Thursday, July 23, 2015

Postmodernity and global polio eradication

Polio is getting closer to being eradicated. If it happens, it would join (along with smallpox among humans and rinderpest among cattle) that very rare class of pathogens that have been taken literally out of circulation by conscious human efforts.  That sounds good, but in the case of polio it also shows just how long it takes medical advances to deeply penetrate resource-limited and politically volatile settings: a safe and effective vaccine has already been around for half a century. In any case, due to the collective efforts by charitable organizations, civil society, government and religious leaders, Nigeria is getting nearer to being rid of polio, and tomorrow will mark a year since a case of polio has been diagnosed there. The remaining holdouts are Pakistan and Afghanistan. But potential threats to polio eradication may lie elsewhere, where you rationally would expect it less.

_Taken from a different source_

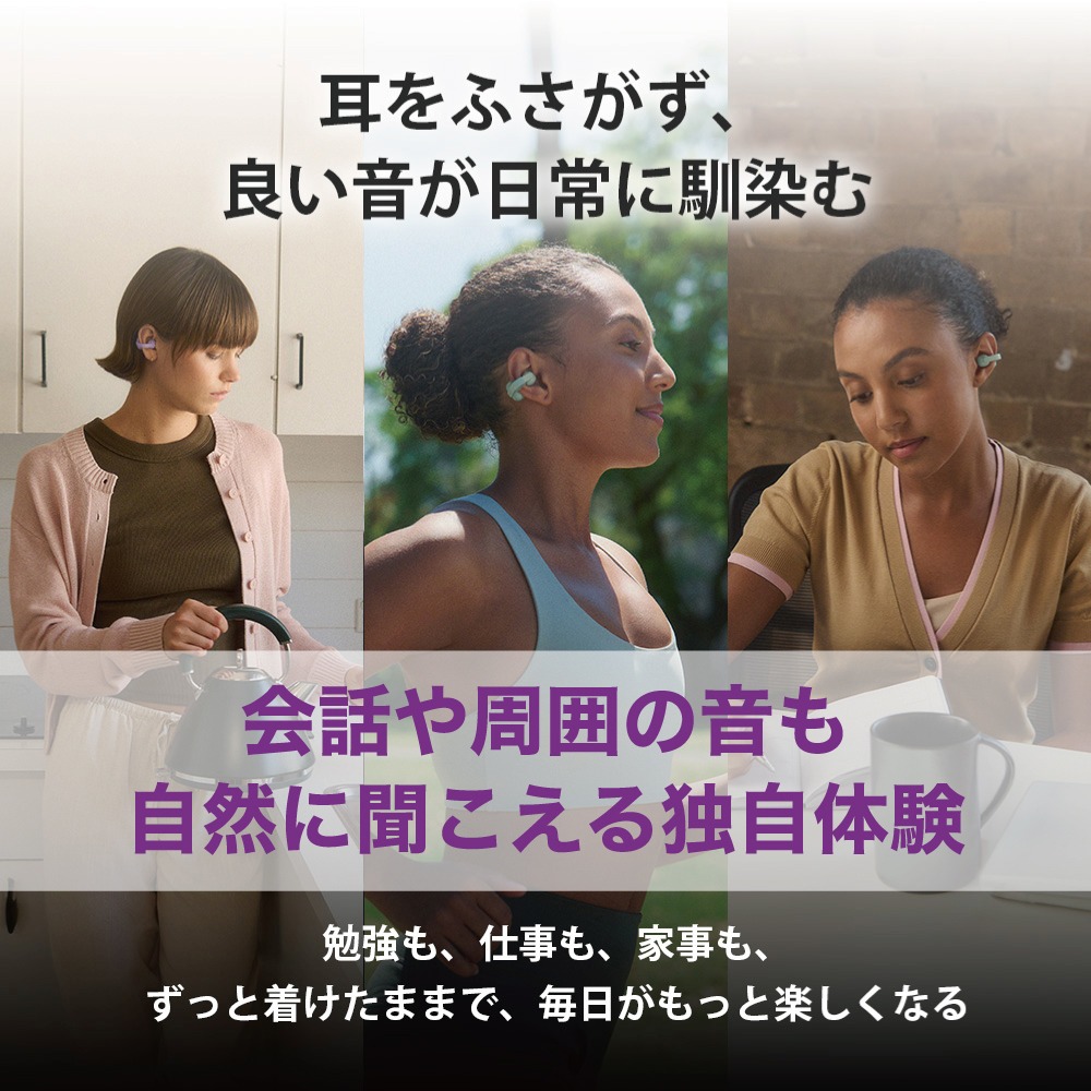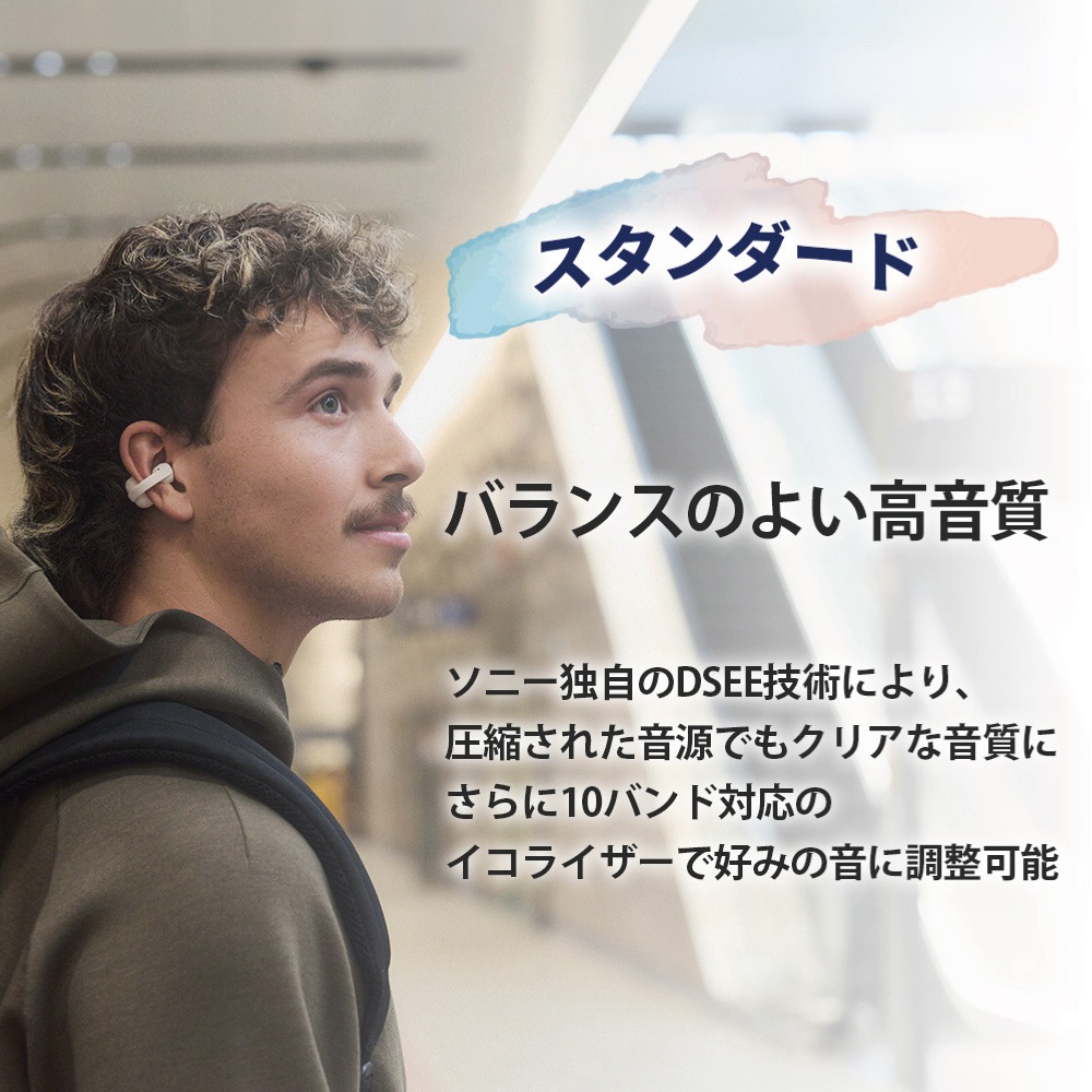 ソニー初のイヤカフ形状に最適化されたアンテナ設計と、同時再送システムを採用。従来比で接続性が向上し、雑踏の中でも安定した接続で音楽をお楽しみいただけます。

Like California. According to the California Department of Public Health, over 60% of children in the state have not received the full suite of vaccinations. This is partly a case of being victims of their own success: Americans have little experience of what it is like to be prey to infectious agents precisely because vaccines have worked so well on so many of them. It is a stance you have the luxury of taking from a position of relative privilege. But it is partly due also to a culture of gossip, suspicion and kneejerk mistrust of medical authority, and hence also from a position of ignorance. If vaccines are the product of Enlightenment faith in reason and science to improve society, rejection of vaccines -- when not itself based on sound reasoning and evidence -- is regression into a pre-scientific state where life was nasty, brutish and short. Privilege and ignorance is a toxic combination, and some people have to (re-)learn the hard way.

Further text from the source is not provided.